I/O showed that AI can write code, fix code (Gemini in Chrome DevTools can debug for you), generate creatives, etc. Enterprises should see this as an opportunity to upskill their workforce rather than fear job displacement. The smart move is training employees to use these AI tools to be more productive. I've already heard of consulting firms planning "AI training days" – teaching consultants how to use these tools to analyze data faster or write reports with AI assistance.

Enterprise Search & Knowledge

Google's own products (like its NotebookLM, which got folded into the Gemini app) allow uploading your own docs for AI analysis. Enterprises can use this concept for their knowledge management. Imagine an internal "deep search" that an employee can ask, "Summarize our Q3 performance and pull any key risks mentioned in audit reports." AI can do that if fed the data. So start building those internal corpuses and use Google's frameworks to enable deep search on your data.

From a consultant's POV, you should help big clients identify where AI can add value quick and pilot it. Those who snooze will lose – to competitors who create more seamless, AI-powered customer experiences or who drastically cut costs by automating rote tasks. But also, counsel them on doing it responsibly.

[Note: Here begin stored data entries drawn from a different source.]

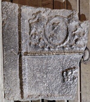 Kaminplatte mit Darstellung eines Schwertkämpfers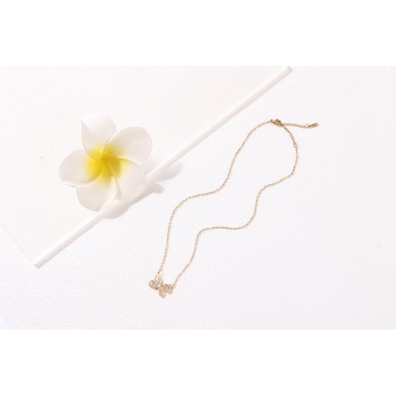 S.ROMZA Women Butterfly Shaped Pendant Necklace, Bow Necklace with Adjustable Chain, Gold Plated Bowknot, Fashion Jewelry Gift Suitable for Women, Stainless Steel, Cubic Zirconia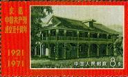 编12,4分,图案为“中国共产党第一次全国代表大会会址(上海)”。1921年7月,在上海卢湾区兴业路76号(原望志路106号),各地共产党早期组织推派李达、毛泽东、董必武、何叔衡等人代表全国50多名党员在此举行中国共产党第一次全国代表大会,宣告中国共产党成立。票面为经修缮复原的会址。

Bias, compliance, and security are still concerns with AI. Google's making strides (they talked about model safety too, albeit briefly), but enterprises must tread carefully.

Bottom line: The mantra for enterprises should be "AI everywhere, but with oversight." Google just showed the canvas; it's up to each big company to paint their AI strategy on it. 

My advice: start yesterday. Even our enterprise clients in traditionally conservative sectors (looking at you, finance) are now realizing that not adopting AI is riskier than adopting it. As a strategist, I love this challenge – it's the dawn of a new business process revolution, and we get to architect it.